C’était une entreprise risquée, comme elles le savaient toutes deux. Engager de nouveaux serviteurs et les élever à un haut niveau de responsabilités leur faisait courir le risque qu’un ennemi infiltre un nouvel espion. Le réseau d’Arakasi était bon, mais pas infaillible. Mais Mara ne pouvait nier cette nécessité : elle avait besoin de personnes de confiance autour d’elle, sinon elle serait trop encombrée par les décisions quotidiennes pour garder son statut dans le grand jeu.

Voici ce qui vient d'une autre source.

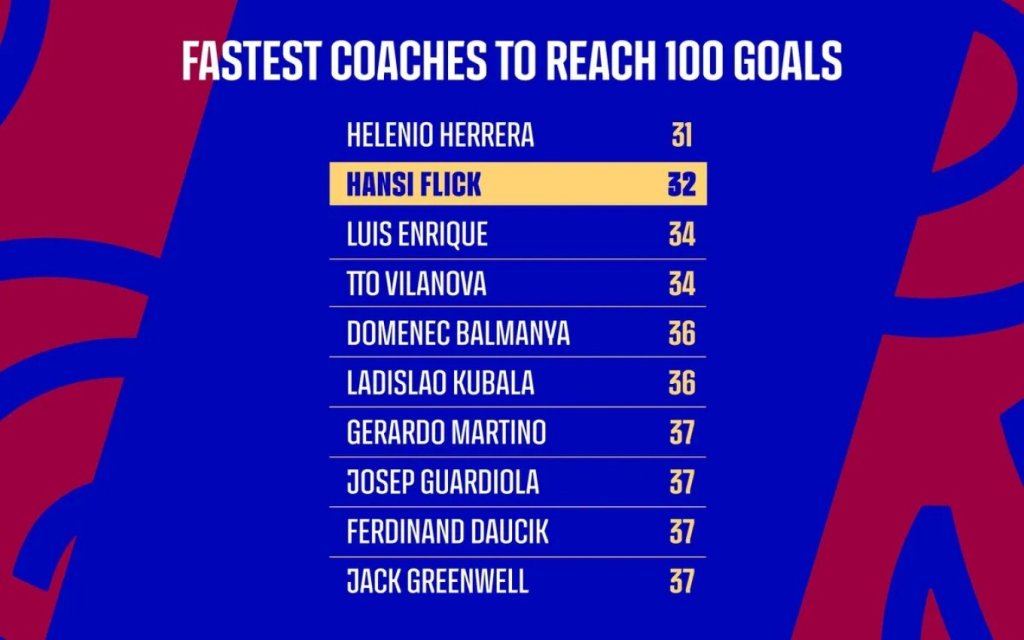 Ο Γερμανός προπονητής Χάνσι Φλικ κατέγραψε αυτό το ρεκόρ γρηγορότερα από θρύλους της Μπαρτσελόνα όπως οι Λουίς Ενρίκε (34 αγώνες), Τίτο Βιλανόβα (34), Ντομένεκ Μπαλμάνια (36), Λάντισλαο Κουμπάλα (36) και Πεπ Γκουαρδιόλα (37).

— Je ferai l’effort de trouver un nouveau cadre de conseillers, quand la campagne de Dustari sera terminée, déclara-t-elle finalement. Si je reviens dans mon foyer, et que le natami se trouve toujours dans le jardin sacré, nous chercherons de nouveaux talents à former. Mais le risque est trop grand pour le prendre avant mon retour. Ayaki ne doit être entouré que par des serviteurs qui sont nés ici, et dont la loyauté est indiscutable.
Nacoya se leva et s’inclina.
— Ai-je la permission de ma dame de me retirer ?
Mara sourit légèrement devant la silhouette voûtée de son conseiller.
— Je te donne ma permission. Va faire une sieste, petite mère. Tu donnes l’impression d’en avoir besoin.
— Je viens juste de me lever ! répondit Nacoya d’un ton sec. Faites donc une sieste vous-même, et sans cet étalon needra de barbare pour changer. Quand il est là, vous ne dormez pas, et vous aurez besoin de poudre de thyza pour dissimuler les rides qui viendront avant même que vous ayez trente ans.
— Le sexe ne donne pas de rides, rétorqua Mara en riant. Ce sont de vieux contes de nourrice. Tu n’as pas de travail ? Les messages de la journée à trier ?
— Il faut en effet que je m’en occupe, concéda Nacoya. Vous recevez de plus en plus de demandes de soupirants.
— Des opportunistes, lança Mara, soudain ennuyée. Ils pensent pouvoir m’épouser comme consort, et hériter si je tombe à Dustari. Ou bien ce sont des agents de Desio, pensant ouvrir mes portes à son armée. Sinon, pourquoi envoyer une demande à une dame dont la maison se trouve en grand péril ?
— Oui, dame, répondit rapidement Nacoya, et la satisfaction était perceptible derrière son ton humble.
Mara était peut-être jeune, et folle dès qu’il s’agissait de la chambre à coucher. Mais en politique, elle avait une excellente compréhension de la situation. Il restait maintenant à voir si elle avait les qualités d’un général. Dustari et les hommes du désert allaient lui offrir une éducation rapide et périlleuse dans ce domaine.